JA raz miałem za towarzysza w ciemnych tunelach kapłana krasnoluda.... który nie znając tego co czycha przed nami stwierdził że "zajebistym" pomysłem będzie... a zresztą [K] - krasnolud [M] - mistrz -> akcja to jakieś tam badanie podziemi, generalnie standard z lekką nutką horroru
M - Idziecie ciemnym korytarzem, nie widać praktycznie nic, wyciągnięta dłoń ginie w mroku. Korytarz ma 1,7metra na 1,5 metra.
K - Idziemy
M - Docieracie do rozwidlenia.

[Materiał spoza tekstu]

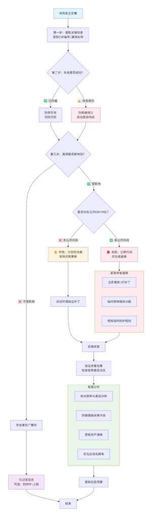 - 对照资产清单:重点看这个漏洞影响哪个服务、哪个版本范围。然后立刻翻回你的资产清单表,核对你的对应服务版本是否在受影响范围内。

Możecie iść w prawo albo w lewo
K - A ja myślałem że prosto i do tyłu.
M (po chwili śmiechu gdy wybraliśmy jedną z odnóg) - Tunel lekko się poszerzył, słyszycie w oddali kapanie wody. Zdaje wam się, że przez szuranie waszych buciorów dobija się inny dźwięk, ni to echo, ni to paćkanie. Nadal nic nie widać.
K- Rzucam czar światło.
M - ok, na co rzucasz?
K - No na siebie.
M-Poważnie?
K - Tak.
M - To zacznij jeszcze krzyczeć "uwaga idę!"
K - Krzyczę "uwaga idę!"
Sesja została przerwana na dobre 15 minut.